Another key proposal in the bill is to restore funding for services that help familiarize people with the ACA’s insurance exchanges, including advertising, education, training “navigators” to help people find their way to a health plan, and notifying people if there is a problem with their coverage.  The Trump administration reduced funding for outreach by over 70 percent.  As a result, there was a substantial fall-off in new enrollments compared to the previous year.

The argument in favor of fully restoring funding for these services stressed that the government is responsible for maximizing the number of citizens with health insurance, that cutbacks on outreach and education reduces signups, and when people do not have insurance it creates a cost to society, as well as to the individual. It was found convincing by 61%, including 83% of Democrats, but only 36% of Republicans.  The argument against emphasized that the cuts are an effective cost-saving measure, that the reduced level of spending is similar to spending on publicizing the Medicare drug benefit and that the ACA is a failing program that should not be propped up with taxpayer-financed advertising. A modest 51% found this argument convincing, including just 21% of Democrats, but 85% of Republicans found it convincing.

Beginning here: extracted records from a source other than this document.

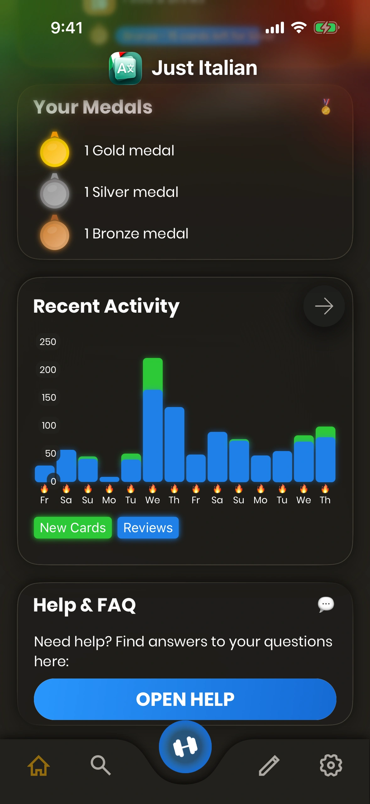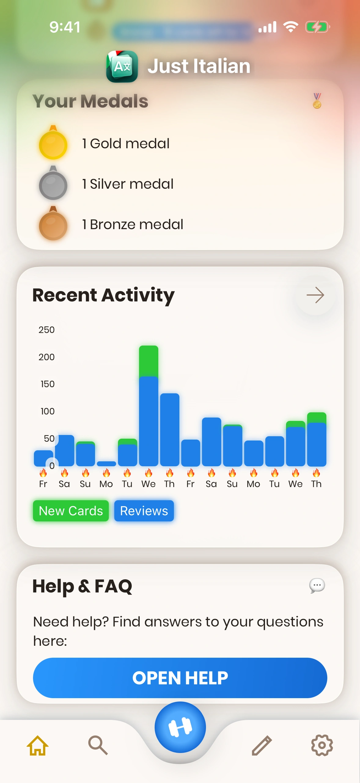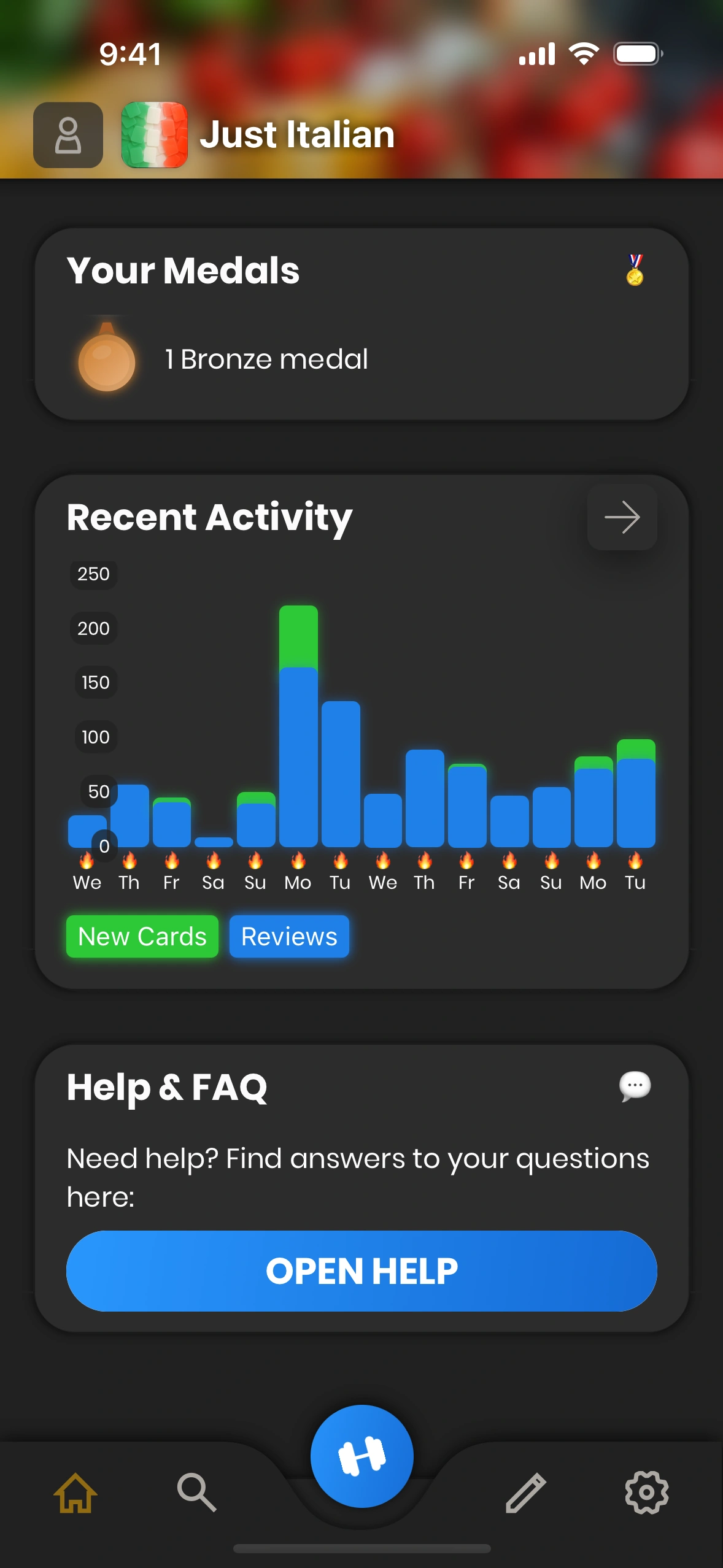 - Settings: Tap this cog symbol to change the app settings. which-cards-do-i-learn#new-cards) learned today, as well as your current streak.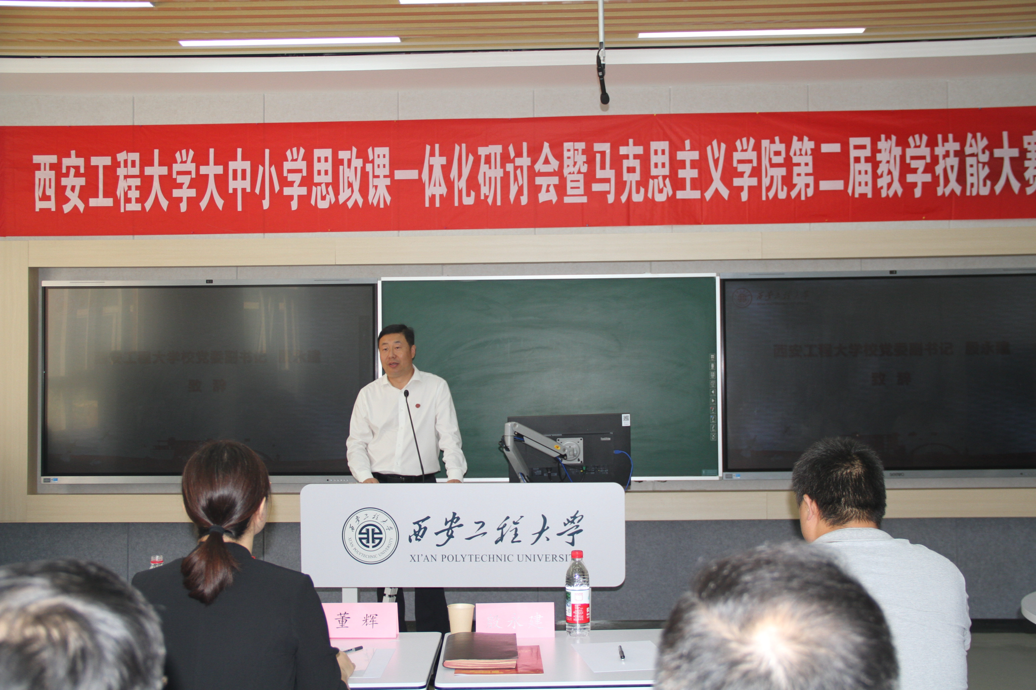 殷永建首先代表学校向莅临会议的各位专家表示欢迎,他指出,思政课是落实立德树人根本任务的关键课程,是培育学生“扣好人生第一粒扣子”的核心载体,只有打破学段壁垒、贯通教育链条,才能让思政课真正“入脑入心”,实现“培根铸魂”的育人目标,他从以“目标同向”锚定育人主线、以“内容贯通”构建育人链条、以“资源共享”凝聚育人合力三方面对加强大中小学思政课一体化建设提出了要求,希望以赛为媒,进一步深化跨校际合作,让“思政课一体化”从“理念”变成“路径”,从“共识”变成“实效”。
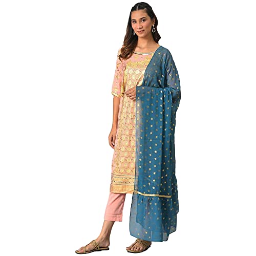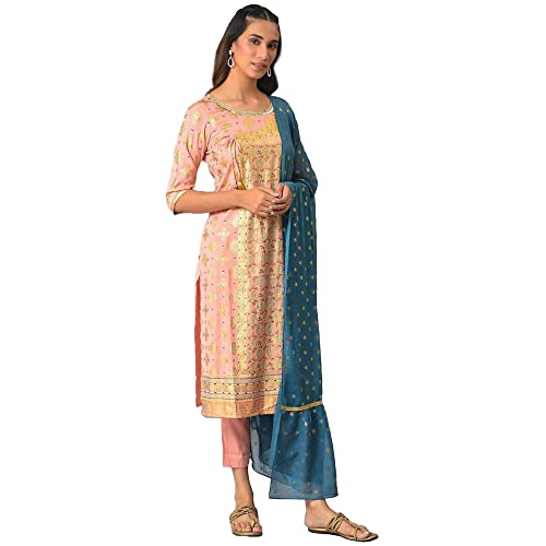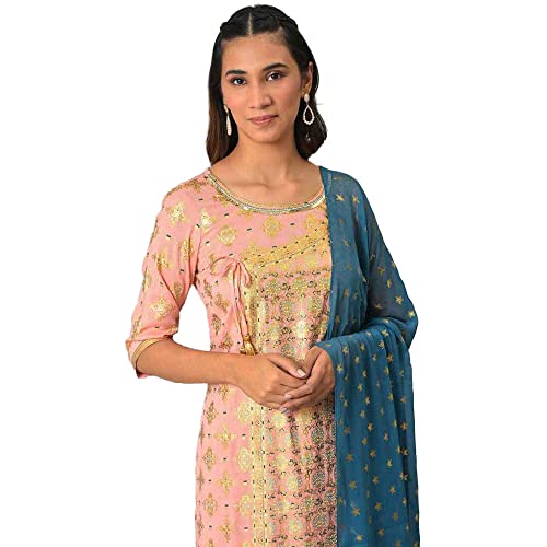 Aurelia Viscose Blend Women Peach Printed Ethnic Kurta With Pants And Dupatta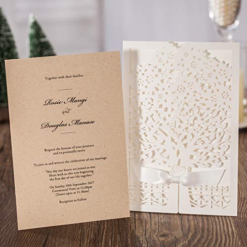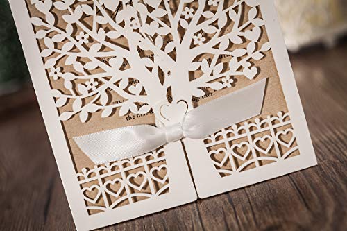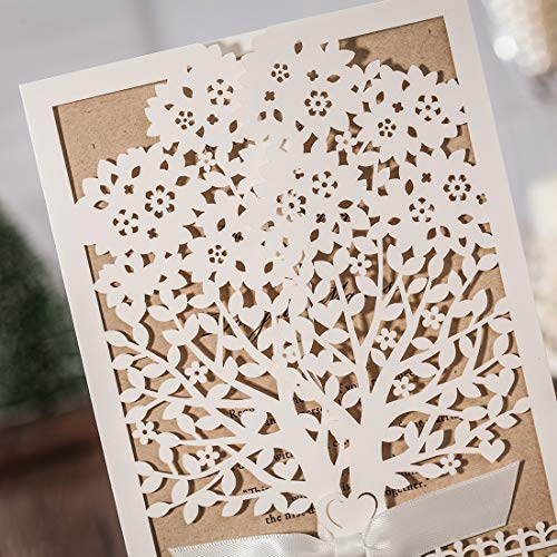 WISHMADE White Laser Cut Wedding Uitnodigingen met Boom en Hek Design Kit, Uitnodigingen met enveloppen voor Engagement…

Asked for their final recommendation, 58% favored restoring spending on outreach and education for the ACA’s insurance exchanges, including 85% of Democrats, but only 29% of Republicans.

The Program for Public Consultation, at the School of Public Policy, University of Maryland, seeks to improve democratic governance by consulting the citizenry on key public policy issues governments face.  Voice of the People is a nonpartisan organization that seeks to re-anchor our democracy in its founding principles by giving ‘We the People’ a greater role in government. Neither organization takes a position on the policy issues it explores.

The survey was conducted online from December 6-13, 2017 with a national probability-based sample of 2,511 registered voters, provided by Nielsen Scarborough from Nielsen Scarborough’s sample of respondents, who were recruited by mail and telephone using a random sample of households. The margin of error was +/- 2.0%.